In summary, flexible measures could be an issue for evaluating the statistical learning literature: both in finding out which tasks are more likely to ‘work’, and in determining to what extent individual differences in statistical learning may be related to everyday skills such as language or reading. This does not mean that statistical learning does not exists, or that all existing work on this topic is flawed. However, it creates cause for healthy scepticism about the published results, and many interesting questions and challenges for future research. Above all, the field would benefit from increased awareness of issues such as flexible measures, which would lead to the pressure to increase the probability of getting a significant result by maximising the statistical power, i.e., decreasing the Type-II error rate (through larger sample sizes and more reliable and valid measures), rather than using tricks that affect the Type-I error rate.

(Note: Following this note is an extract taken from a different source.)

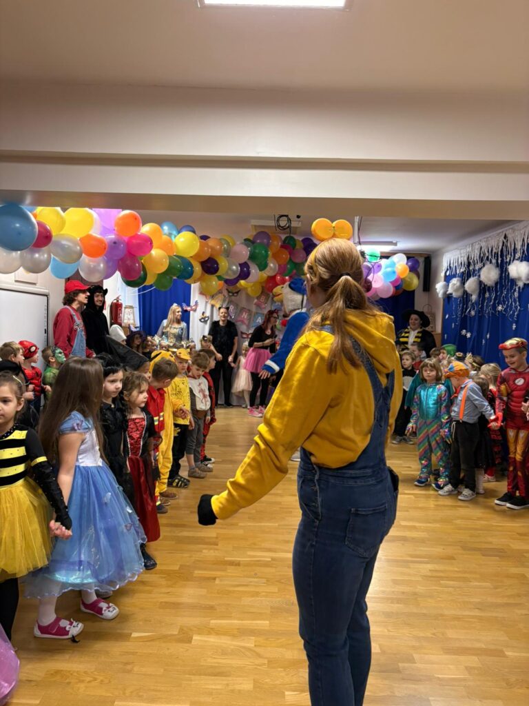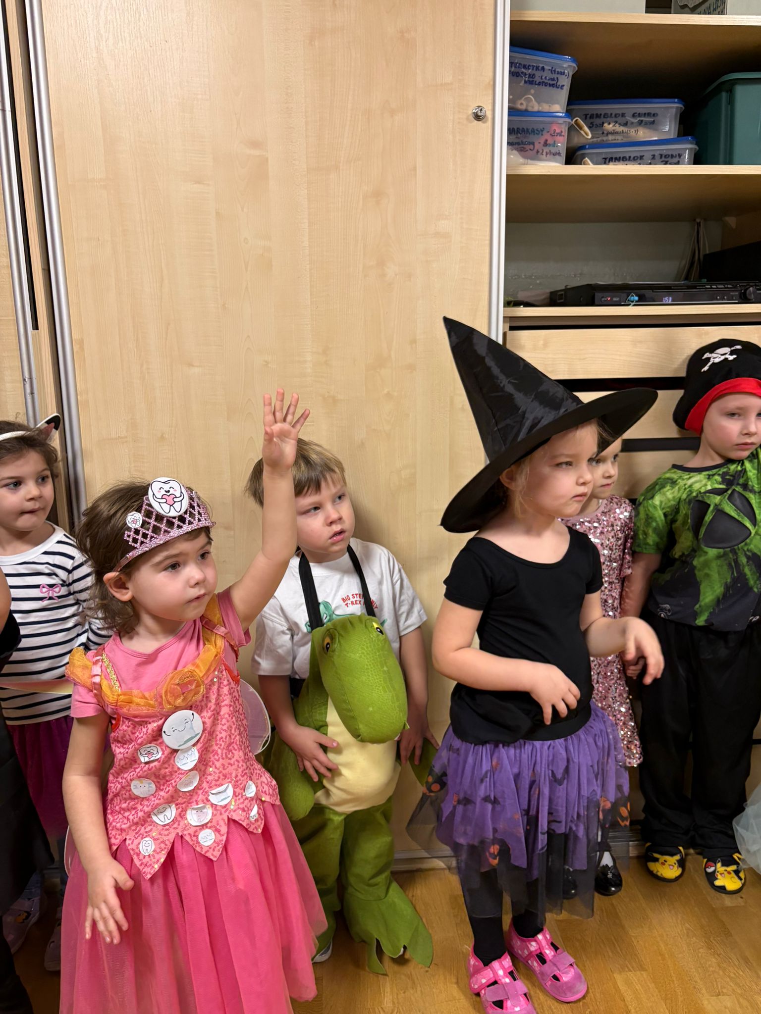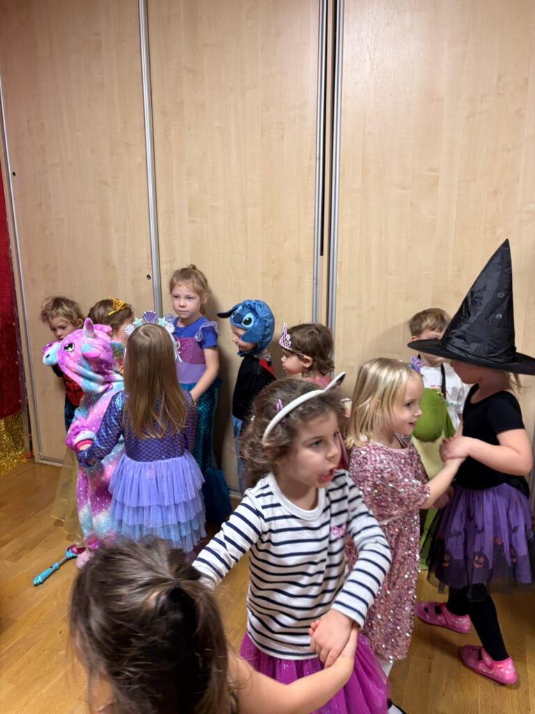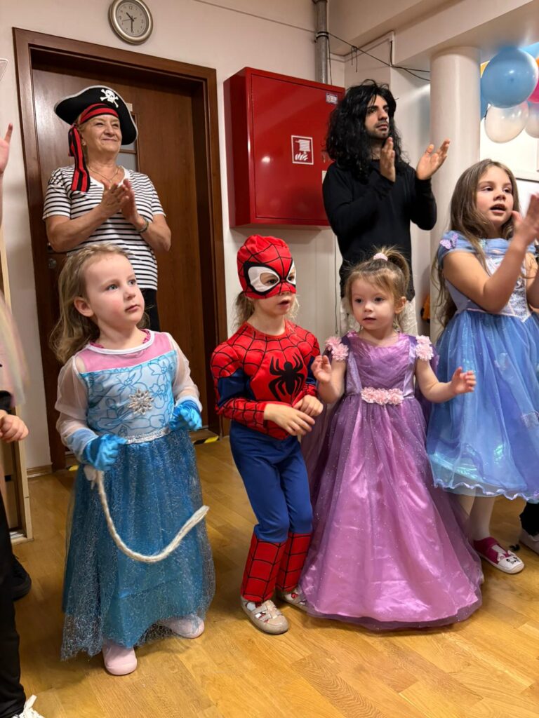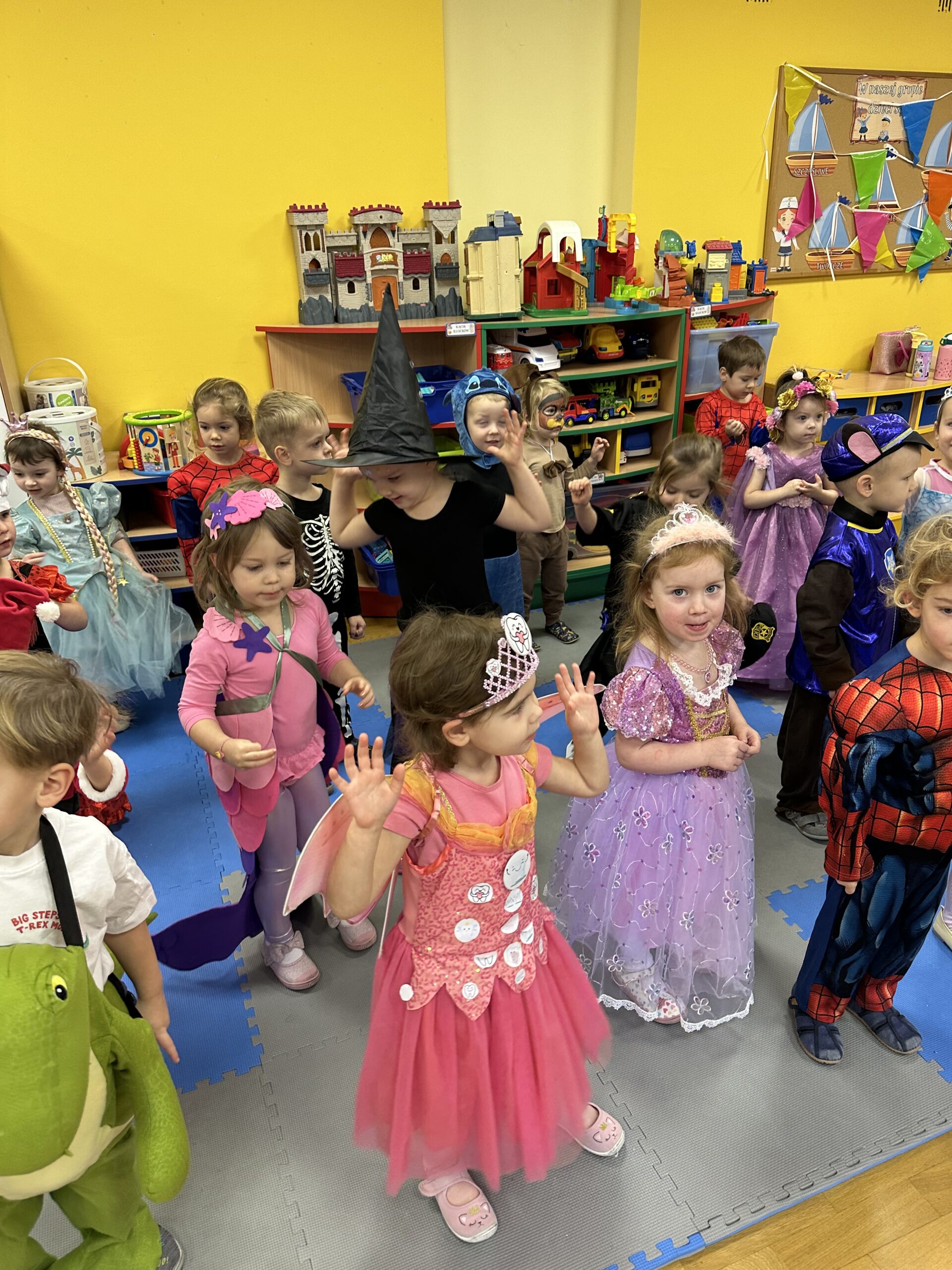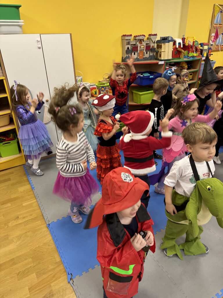 Piątek w naszym przedszkolu był niezwykłym dniem. Każdy z nas mógł zostać kim tylko chciał! Włożyliśmy przeróżne stroje i staliśmy się księżniczkami, superbohaterami, zwierzętami i innymi ulubionymi postaciami. Przed udziałem w przedszkolnym balu, w naszej sali zrobiliśmy małą rozgrzewkę, która wprowadziła nas w karnawałowy nastrój. No a potem, wspólnie ze starszymi kolegami i koleżankami uczestniczyliśmy w zabawie karnawałowej. Tańczyliśmy, braliśmy udział w zabawach, a przy tym było oczywiście dużo radości. Dodatkowo po południu każdy z nas zaprojektował swoją karnawałową maskę. To był niezapomniany dzień! 🎭

Lum, J. A., Ullman, M. T., & Conti-Ramsden, G. (2013). Procedural learning is impaired in dyslexia: Evidence from a meta-analysis of serial reaction time studies. Research in Developmental Disabilities, 34(10), 3460-3476.
Reber, A. S. (1967). Implicit learning of artificial grammars. Journal of Verbal Learning and Verbal Behavior, 6(6), 855-863.
Saffran, J. R., Aslin, R. N., & Newport, E. L. (1996). Statistical learning by 8-month-old infants. Science, 274(5294), 1926-1928.
Schmalz, X., Altoè, G., & Mulatti, C. (in press). Statistical learning and dyslexia: a systematic review. Annals of Dyslexia. doi:10.1007/s11881-016-0136-0
Siegelman, N., Bogaerts, L., & Frost, R. (2016). Measuring individual differences in statistical learning: Current pitfalls and possible solutions. Behavior Research Methods, 1-15.
Siegelman, N., & Frost, R. (2015). Statistical learning as an individual ability: Theoretical perspectives and empirical evidence. Journal of Memory and Language, 81, 105-120.

* In my case, it’s probably a lack of flair, actually.


  1. Dear Xenia, Thanks for this blog. Very interesting views. It is very much the issue that I have been trying to address in my present research that examines SL in language impairment. One way to counter this could be to have clear description of SL (as attempted by Siegelman and Frost, 2016) and stating that up front in your study (ie.,what is the nature of SL you are attempting to study). Another way is to have a task that allows for greater variability (unlike SRT which has rigid statistical structure). We have, in our present study, adopted these two approaches and hoping to see some reliable measure of SL. Thanks again.

    1. Dear Kuppu, thanks for your comments, it's kind of nice to know that others are struggling with the same issues! I'm trying to figure the nature of the relationship between statistical learning and reading acquisition, if any. Our idea is to pick a number of SL tasks and create a latent construct from the outcome measures, this way the hope is to pick out whatever variance is unique to the statistical learning construct rather than task artifacts. I'd be curious to hear more about your approach: what tasks would you classify as having greater variability?

    2. Hi Xenia
      Thanks. We tried to embed a spectrum of regularities : Starting from the easiest (TP of 1 and adjacent) to difficult (TP of .3 and non-adjacent) in a single task using the paradigm of serial search task. We piloted this on small sample and found no clear learning pattern across all the regularities. However we found that people are learning lower end of the regularities. I will be happy to write to you when I have more results on this.